* YOUR INSTRUCTIONS *
Your answer should repeat exactly the lines from the one holding "Candeeiro de 1" through the end of the data, and it should contain no pictures.

(Entries taken from a collection)
#####
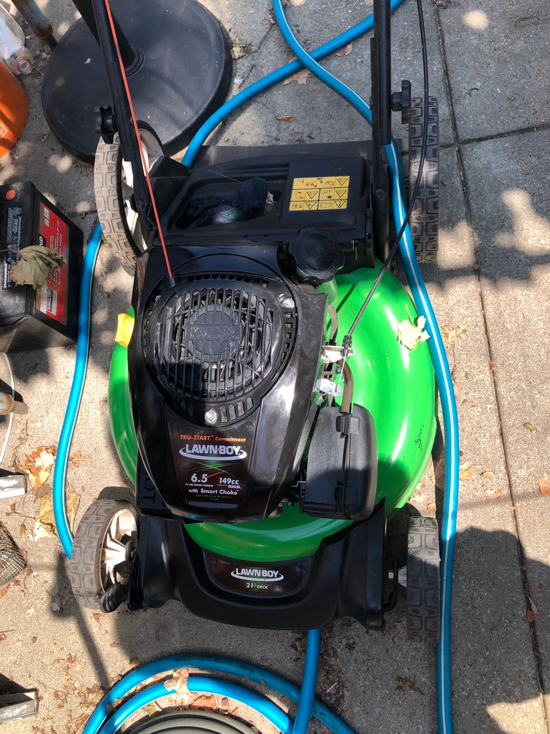 Selling a Lawn-Boy 21-inch gas push lawn mower with high wheels. In near new condition!
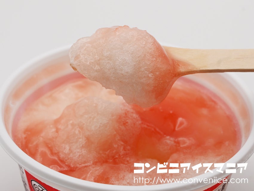 容器はプラスチック製の蓋 にプラスチック製カップという仕様。内容量は145ml。かき氷カップとしてはやや小ぶりなサイズ。以前の「ネクター 桃のかき氷」(185ml)に比べても随分コンパクトなサイズになっています。
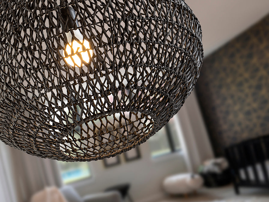 Candeeiro de 1 luz realizado em metal e abajur de corda de papel entrançado. Acabamento preto.
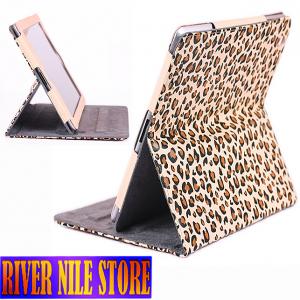 IPAD6012 豹紋三檔支架保護套-杏底豹紋
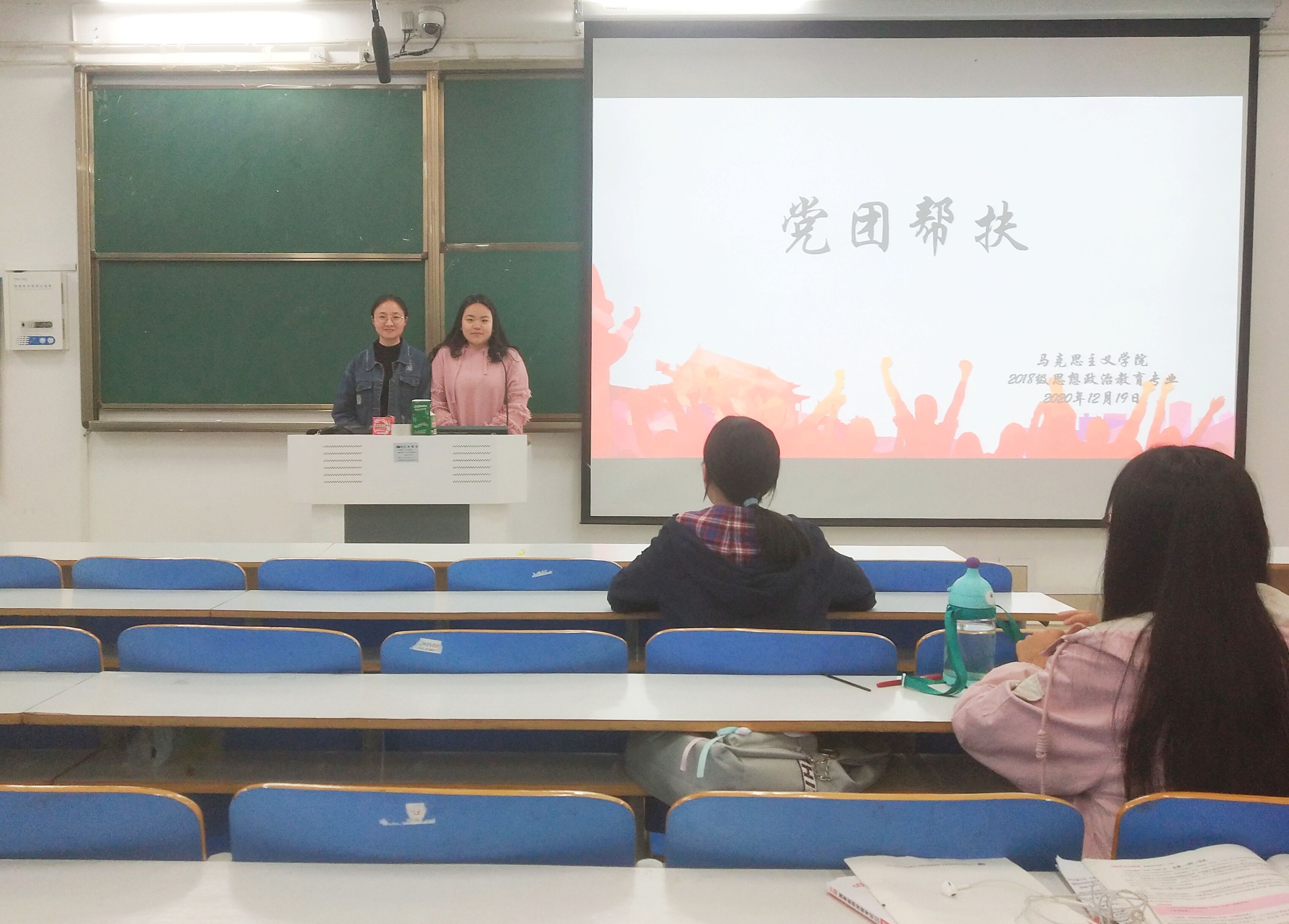 12月19日下午,小说狂人 2018级思想政治教育团支部在社科楼514教室顺利开展党团帮扶活动。小说狂人 2018级团支部邀请学生党员代表秦康怡、李梦茹前来参加此次交流活动。本次活动由2018级思想政治教育第二团支部书记黄子晋主持。
#####
* THE ANSWER *
 Candeeiro de 1 luz realizado em metal e abajur de corda de papel entrançado. Acabamento preto.
 IPAD6012 豹紋三檔支架保護套-杏底豹紋
 12月19日下午,小说狂人 2018级思想政治教育团支部在社科楼514教室顺利开展党团帮扶活动。小说狂人 2018级团支部邀请学生党员代表秦康怡、李梦茹前来参加此次交流活动。本次活动由2018级思想政治教育第二团支部书记黄子晋主持。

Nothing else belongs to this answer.